What you will do ▸ Would you please report how many lines of the listing contain "enjuiciado"? Reply with that number only.

Source data ▸

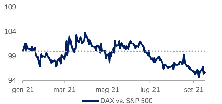
Grafico 2: Indici a confronto: DAX e S&P 500

Fonte: Bloomberg Finance L.P., Deutsche Bank AG. 17 settembre 2021
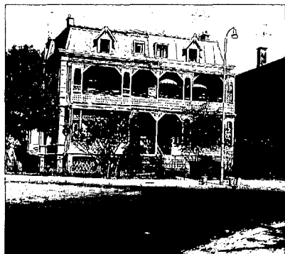
Belgischeplein 31 t/m 33

ge problemen. Vooral in het geval van het Palace-Hotel betekende dat een groot verlies. Vanuit een zuiver bouwkundig standpunt gezien was het Palace-Hotel van architect Van
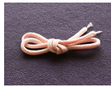
帯締め (丸くけ) 薄紅 ac-0061
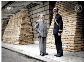
Burmistrz Londynu Frank Bowater i nieznaną policjant. Londyn, 1 września 1939 r.
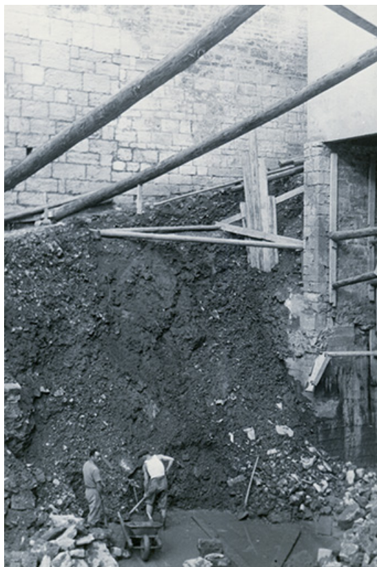
Remblai au pied du mur de l'escalier de Falletans, s.d. [vers 1958]. 39, Salins-les-Bains, 6 rue Gambetta
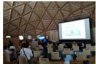
■ 15. 講演-⑨ (環境体験館や周辺地域の小学校にプレゼントしたそうです。)
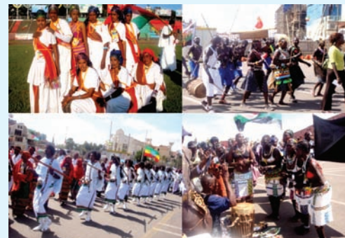
Jaantuska 3.5 Dhaqano kala duwan
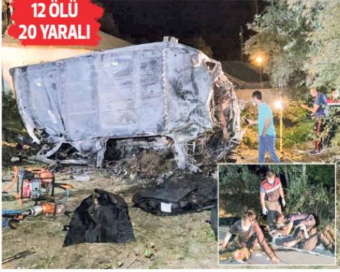
12 ÖLÜ 20 YARALI
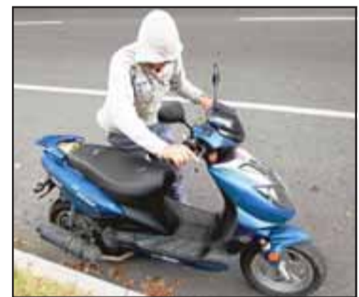
El enjuiciado deberá cumplir tres años y un día de cárcel tras conducir una motocicleta robada el año 2016. (Foto Referencial).

La Fiscalía acusó estos hechos por el delito de receptación de vehículo motorizado por parte del enjuiciado, quien actualmente se encuentra cumpliendo condena por otro delito en la cárcel de San Felipe, siendo considerado culpable por la terna de jueces del Tribunal Oral.

Result ▸ 2